Six years ago I was introduced to the work of Carol Dweck. I loved learning about the idea of a growth mindset and a fixed mindset. Those concepts have revolutionized the way I look at learning and talent. But what impacted me the most was her discussion of failure- that how we view failure is a critical factor which determines our level of overall success. Basically, in the growth mindset, failure is seen as a temporary situation which indicates a need for more learning and effort: “I don’t get this yet, but I believe with more practice I will” or “What can I do to get better at this?“ would be the thoughts and statements reflecting this view of failure.

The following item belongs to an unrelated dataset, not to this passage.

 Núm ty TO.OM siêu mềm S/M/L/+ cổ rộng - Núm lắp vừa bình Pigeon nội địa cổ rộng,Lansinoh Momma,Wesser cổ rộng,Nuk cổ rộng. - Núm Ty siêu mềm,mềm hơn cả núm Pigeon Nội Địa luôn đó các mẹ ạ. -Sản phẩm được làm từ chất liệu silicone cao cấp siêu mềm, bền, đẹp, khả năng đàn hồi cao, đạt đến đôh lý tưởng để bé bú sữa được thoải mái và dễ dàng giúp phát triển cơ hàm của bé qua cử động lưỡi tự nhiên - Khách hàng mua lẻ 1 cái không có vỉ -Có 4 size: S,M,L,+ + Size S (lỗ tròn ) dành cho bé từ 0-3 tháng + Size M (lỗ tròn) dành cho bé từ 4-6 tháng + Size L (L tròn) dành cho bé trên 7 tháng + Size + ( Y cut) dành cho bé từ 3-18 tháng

In a fixed mindset, failure is interpreted as an indictment of one’s ability: “Oh, I must not be a math person” or “This is too hard” would be the thoughts and statements reflecting this view of failure.
I’ve become a sucker for quotes and resources that help teach about the role of failure in learning, and how to stop seeing it as a negative outcome that must be avoided at all costs, and instead see it as a natural part of learning. That’s why when a colleague shared this six minute TedX video from Jim Harshaw “Why I teach my children about failure” I was so excited. I wanted to wait until a perfect, quiet moment to watch it- and when I finally did, I wasn’t disappointed. If you haven’t watched it yet, you’ve got to check it out!

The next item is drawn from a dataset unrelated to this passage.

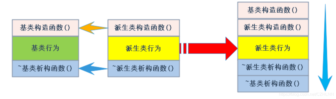 派生类对象析构清理先调用派生类析构再调基类的析构,这里 c++ 的编译器就保证了先调用子类的析构再调用父类的析构。

Why I Teach My Children to Fail
The importance of failure in learning
Mr. Harshaw’s comments about failure being a fundamental part of learning really hits home with me. I particularly love this section: “We grow up with this distorted view of the world where we think that failure’s not supposed to happen and when it does it means we’re doing something wrong, but that’s not the case. Because failure isn’t the opposite of success; failure is a necessary part of success.” Failure isn’t something to be feared and avoided- it’s something to be embraced and leveraged into successfully learning or doing something. I’ve heard this referred to as “failing forward.” But how many of our students are terrified of failing, of getting the answer wrong? How many would rather not try than fail? And what have we done as educators to perpetuate this harmful view of failure?

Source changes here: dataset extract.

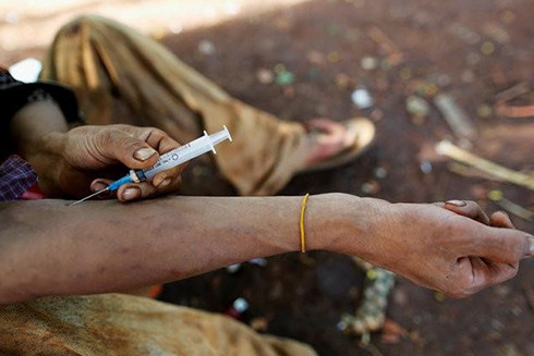 Thông thường, HIV lây truyền qua sử dụng chung bơm kim tiêm bị nhiễm virus không được diệt trùng đúng cách, đặc biệt ở người nghiện chích ma túy.

How educators can help students learn to fail forward
Mr. Harshaw suggests we explicitly teach children about failure- the failures of famous people such as Abraham Lincoln, Michael Jordan, etc. and how they not only experienced failures, but the role those failures had in shaping their legacies of success. These examples can help set the tone in the classroom that successful people all make mistakes and experience failure- it’s what they do with those failures that distinguishes them. We need to shift the focus from getting things right, to doing things the right way. We can repeatedly encourage students to look at “failures” as learning opportunities, not value statements of their ability or intelligence. We can create classroom cultures that embrace failures as important steps towards understanding by using strategies like My Favorite No and giving feedback that is process oriented, rather than focused on labeling work as good and bad, right and wrong.
What does this look like in math? How can we teach students to embrace their failures, and use them to move forward, rather than give up in defeat?These are the questions that have really been on my mind lately.